«Благодарение Всевышнему! Знамена ислама одержали победу, тогда как враги учения Властелина Людей изгнаны из их страны и подавлены. Аллах Всемилостивейший даровал моим славным армиям торжество, равного которому среди правоверных не дано было знать ни одному великому султану или всемогущему хану и даже сподвижникам Пророка. Никто из нечестивцев не спасся, но все подверглись истреблению. Хвала Аллаху, Владыке Мира!»
Теперь, когда турки хозяйничали на Балканах, неминуемо вставал вопрос — что же дальше?
Впрочем, в 1526 году Сулейман, как и после захвата Белграда в 1521-м, вновь отвел своих грозных янычар в Константинополь для перегруппировки. На протяжении трех лет он, казалось, даже не помышлял о том, чтобы двинуться вверх по Дунаю, вторгнуться в Австрию и осадить Вену. Тем временем Фердинанд Габсбург, воцарившийся в Австрии и Богемии после отречения своего брата Карла, предъявил претензии на остатки венгерских владений
[128]и вступил в борьбу с князем Трансильвании Яношем Запольи. Последний обратился за помощью к Сулейману. Понимая, что в центральной Европе у него нет соперников опаснее Габсбургов, Сулейман согласился поддержать трансильванца с тем, чтобы тот признал себя вассалом Оттоманской Порты и обязался платить ей дань. Достигнув соглашения с Запольи, 10 мая 1529 года Сулейман выступил из Константинополя во главе огромной, семидесятипятитысячной армии.И тут вмешались непредвиденные обстоятельства. Лето 1529 года выдалось одним из самых дождливых за истекшее десятилетие. По лаконичному утверждению биографа Сулеймана Роджера Бигелоу, «дожди в тот год были столь сильны и продолжительны, что серьезно повлияли на ход кампании». Мы не сильно погрешим против истины, если заменим слова «повлияли на ход» на «определили исход». Из-за дождей Сулейману пришлось бросить по дороге всю тяжелую артиллерию, служившую серьезным подспорьем в его предыдущих походах. Кроме того, неблагополучные погодные условия помешали его войскам двигаться с обычной скоростью: они преодолевали раскисшую местность настолько медленно, что достигли своей цели — ворот Вены — лишь через пять месяцев. Только к тридцатому сентября Сулейман был готов бросить своих перепачканных и усталых воинов на штурм, однако ему приходилось мириться с тем, что упущенное время позволило австрийцам подготовиться к обороне. За лето им удалось почти вдвое увеличить численность гарнизона — теперь он насчитывал 23 000 солдат, из которых 8000 добрались до города всего на три дня раньше турок. Ни один приступ не увенчался успехом, и к середине октября Сулейман решил снять осаду и уйти. Впоследствии он объяснял это тем, что Фердинанд бежал, а в захвате города без правителя мало славы.

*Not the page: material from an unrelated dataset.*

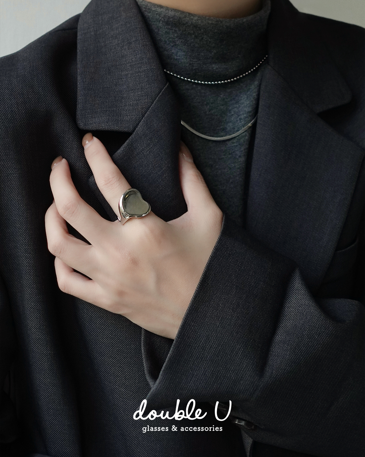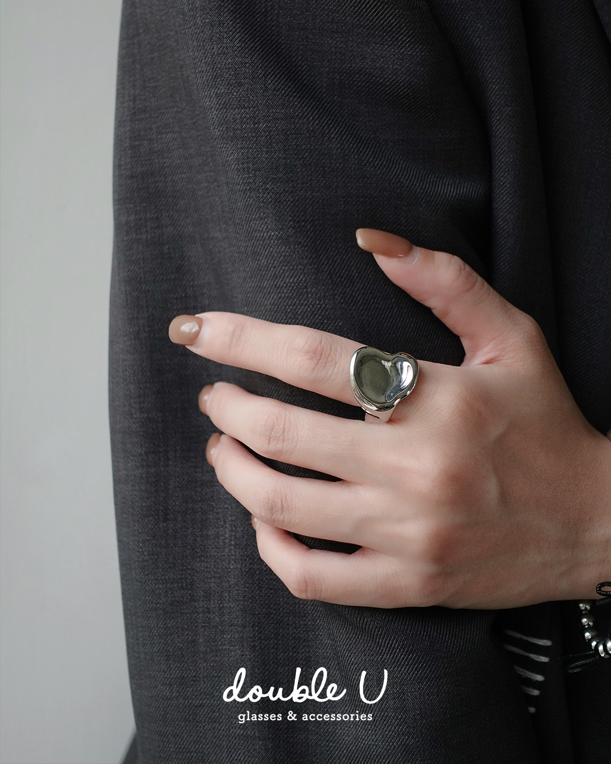 不規則愛心光面・鋼飾戒指 (GRX10342)
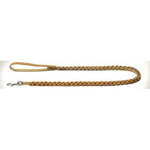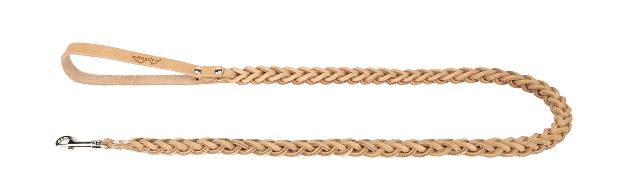 Поводок-Плетенка аркон кожаный плетение - косичка, импортный карабин натуральный для собак (120 см/8 мм)

Но давайте представим себе, что лето 1529 года оказалось бы не столь дождливым. Или (решив предпочесть метеорологическим случайностям случайность человеческих решений), что Сулейман выступил к Вене другим, более сухим летом 1527 года — сразу после победы при Мохаче. В 1532 году (который, кстати, тоже выдался дождливым) султан доказал, что способен наносить страшные удары по сердцу габсбургских владений, опустошив австрийскую провинцию Штирию. Правда, тогда он уже не рискнул напасть на Вену, защищенную, по словам Бигелоу, «вероятно, самой большой армией, какую когда-либо удавалось собрать Западной Европе». Каковы же были бы результаты турецкого вторжения, случись оно не в 1529 и 1532, а в 1527 году — когда у Габсбургов не было времени организовать отпор?